The metadata comes from the [BINARY] you name; the run payload is the deployed tarball pulled from S3 by default, so you smoke-test what’s actually live. Arguments are type-checked against the real function signature; missing or wrong-type values fail fast.

Not emulated: anything Kubernetes-specific. docker run has no ServiceAccount, no RBAC, no nodeSelector. For those, use submit on a real cluster.

Flags:

  • -w TEMPLATE / --workflow - the container to emulate (default: root).
  • -a name=value (repeatable) / --input-file F - function arguments.
  • --build - build a fresh local host-arch musl binary for the run instead of pulling the deployed tarball (source-only; omit [BINARY]).
  • --tarball F - use F verbatim.
  • --runtime docker|podman - autodetect by default (prefer docker).
  • --skip-artifacts - bypass S3 load/save_artifact! sync.

describe

Shows what one template expects: its signature, image, mounts, and a copy-pasteable submit line. Works for either a #[container] or a #[workflow].

cargo athena describe ./my-workflow              # the root template
cargo athena describe ./my-workflow -w transform
cargo athena describe ./my-workflow --json       # raw metadata, for scripts

ls

Lists the templates your workflow binary exposes.
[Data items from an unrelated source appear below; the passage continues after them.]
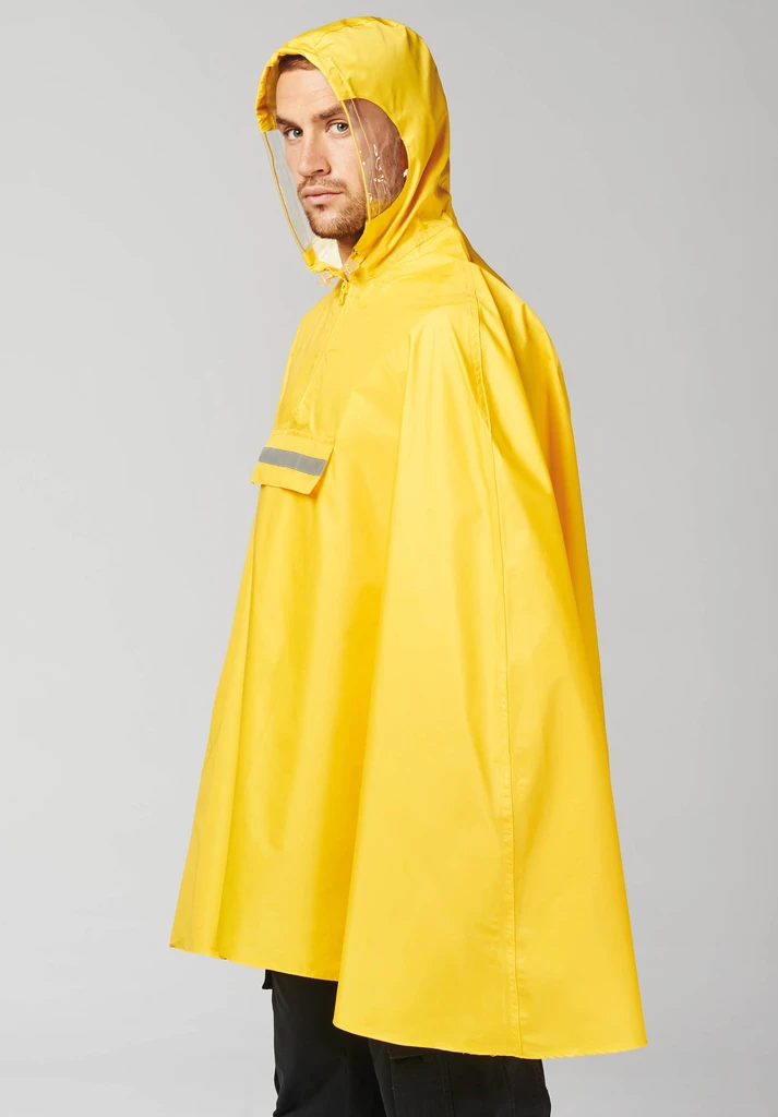 Nepromokavost až do 5000 mm. Zip do 1/4 délky. Podlepené švy. Kapuce s bočními bezpečnostními transparentními průzory. Vnitřní úchyty určené pro jízdu na kole. Reflexní proužky na přední i zadní kapse. Celou pláštěnku lze složit do klokanní kapsy.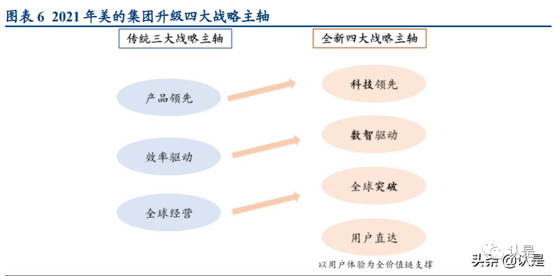 第二次战略主轴调整,美的集团高起点上再超越。在调整组织架构的同时,美的集团 重新确定四大战略主轴,将“产品领先”升级为“科技领先”,将“效率驱动”升级 为“数智驱动”,将“全球经营”升级为“全球突破”,同时强调以用户体验为全价 值链支撑,强调“用户直达”。全新战略主轴的升级无不彰显美的未来将在智能化、 数字化、全球化方面布局的决心。
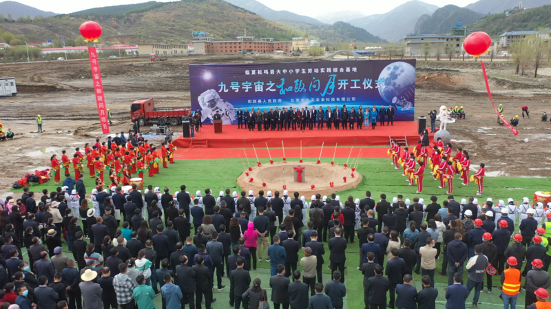 戰(zhàn)略合作協(xié)議簽訂儀式后,張永志一行前往松鳴巖大中小學(xué)生勞動實踐綜合基地暨九號宇宙之“和政問月”項目現(xiàn)場,參加了開工儀式,并為項目培土奠基。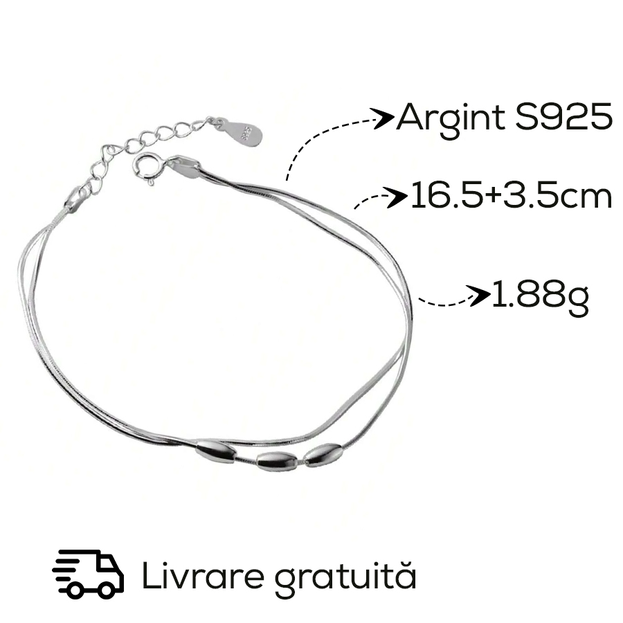 Această brățară dublă din argint combină cu succes un design clasic și deosebit cu strălucirea pură a argintului. Cu această bijuterie, vei aduce o notă de eleganță în garderoba ta și vei străluci la orice ocazie.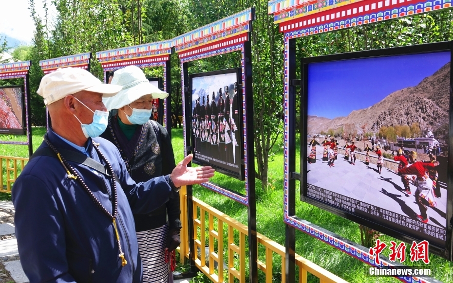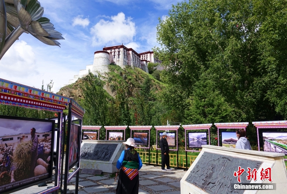8月26日,參觀者在拉薩市宗角祿康公園欣賞“西藏·70——慶祝西藏和平解放70周年影像展”。該展覽分為“波瀾壯闊的歷史進程”“新時代的輝煌成就”兩部分,編選了時間跨度達70年的200余幅攝影作品,集中展現(xiàn)了西藏70年來社會發(fā)展巨變、輝煌建設(shè)成就和西藏各族人民的幸福安康生活。 中新社記者 冉文娟 攝

cargo athena ls ./my-workflow                       # every template
cargo athena ls ./my-workflow --kind container      # #[container]s only
cargo athena ls ./my-workflow --kind workflow       # #[workflow]s only
cargo athena ls ./my-workflow --include-synthetic   # + if/else internals

Selecting the binary

The consumer commands (emit, ls, describe, emulate, submit) resolve their program in this order:

  1. the [BINARY] positional - a path, or a bare name on $PATH (e.g. one installed with cargo install). No source needed.
  2. otherwise a source build: --manifest-path DIR (or the current crate), narrowed by -p / --package and --bin (which fall back to [defaults].package / .bin in athena.toml).

-w / --workflow names the template to act on and defaults to the binary’s root (entrypoint!(Root)). build and publish always build from source and take -p / --bin (never [BINARY]).

Working in this repo instead of an installed binary? Any cargo athena <cmd> above becomes cargo run -p cargo-athena --bin cargo-athena -- athena <cmd>.